The common denominator: mechanism

Before going into the differences, let us start with the similarities. Of course, betting exchanges and their big brothers, the financial exchanges, are market places, just like prediction markets. They all employ some form of an auction mechanism for price discovery. Prof. Charles Plott’s famous experiments showed the market mechanism's astonishing capacity to gather information from people’s distributed beliefs, hunches, and opinions and to aggregate this collective intelligence like a virtual statistician.

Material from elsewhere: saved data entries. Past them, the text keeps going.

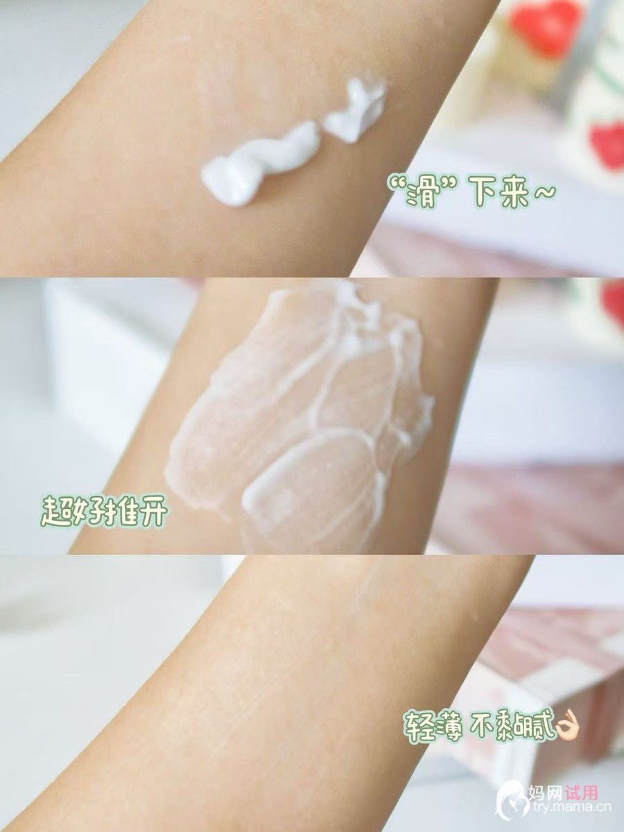 它的质地是很丝滑的慕斯质地,轻轻一推就抹开了,抹完后皮肤是那种喝饱水的润泽感,摸上去软软嫩嫩的,表面一点儿不黏腻,换季又红又干燥的”苹果脸“终于不那么红了!
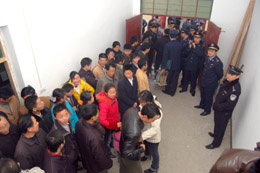 2月5日,安徽省淮南市公安、工商執(zhí)法人員對(duì)查獲的傳銷人員進(jìn)行登記。當(dāng)日,安徽省淮南市在全市范圍內(nèi)展開為期半年的打擊傳銷專項(xiàng)整治工作,公安、工商執(zhí)法人員共搗毀32處傳銷窩點(diǎn),教育、驅(qū)散傳銷人員2113人,遣返226人,并對(duì)23名重點(diǎn)傳銷人員進(jìn)行了審查。
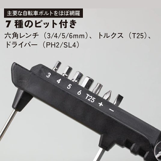 六角レンチ(アーレンキー):3mm / 4mm / 5mm / 6mm、トルクスビット:T25、プラスドライバー:PH2、マイナスドライバー:SL4
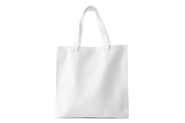 Pure white tote bag mock up showcased against a transparent background, perfect for showcasing design and branding in the fashion and retail industry
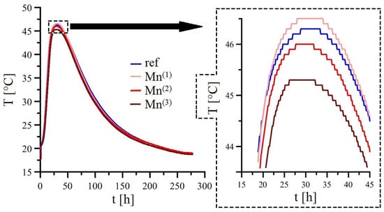 Figure 11 shows the results of the measurement of the temperature change of the concrete samples during hydration. The results shown are the average curves obtained from parallel groups of test specimens from concrete mixtures without MnO4− and with graded additions of these anions. From the measured results, it is clear that additions of KMnO4 to the premixed water in the range of 10−4 mol·L−1 and 10−3 mol·L−1 have no effect on the evolution of the heat of hydration during cement hydration (with respect to the reference exposure). This is evident both in terms of the measured maximum temperature values reached by the concrete samples and the coincident time at which these global maxima are measured, as well as in terms of the progression of the curve at later time points during the hydration of the concrete samples. In the case of the highest addition of MnO4− anions to the mortar water (10−2 mol·L−1—Mn(3)), there is a slight decrease in the maximum temperatures reached by the concrete samples compared to the other mortars by approximately 6%. However, the time course of the temperature evolution curve for the test samples of the mortar with the highest content of KMnO4 in the mortar water indicates the same hydration time and the actual hydration process as for the other mortars. It is clear that the highest additions of KMnO4 to concrete samples slightly affect the acceleration period (accelerated heat evolution before maximum (first) peak); the effect on the dormant period of the heat evolution is already quite negligible [87].

This is where the similarities stop. Prof. Plott added that these prices are “for all to see” which is not necessarily so as we will see momentarily. The biggest differences between the three market types is their primary purpose and their informational content.

The three market types

Financial markets discover the monetary prices of financial assets, in essence the present value of various forms and flavours of future cash flows. These are very complex and depend on both fundamental factors regarding the financial asset but also on central bank and credit policy regarding the monetary part. Nobel Laureate Vernon Smith showed how ill-advised government credit policy will undermine the market mechanism, and can produce catastrophic stock bubbles.

Betting markets redistribute money depending on future events. They are primarily not for economic but for entertainment purposes of punters who take the financial risk for a purely speculative gain. While betting price discovery does reflect the aggregated opinion about the likelihood of future events to some degree, there maybe important incentives for participants not to reveal their true belief and to profit from wrong prices, as evidenced by betting scandals.

Prediction markets are designed for the primary purpose of collecting and aggregating the best possible forward looking information. Prices of prediction markets can be, and normally will be, confidential for paying clients’ eyes only. Prediction markets incentivise and reward respondents proportionately to the timeliness and quality of their informational contribution in relation to a potential objective outcome, but they do not bring any financial downside for participants. Trading is with virtual money for virtual instruments.

One more thing

This is not where it ends because there is no such thing as “the” prediction markets. Different prediction market platforms may and do employ very different market (auction) mechanisms, different market rules, samples, processes, functionality, and market microstructures - which in turn greatly impacts the quality of their quantitative and qualitative results.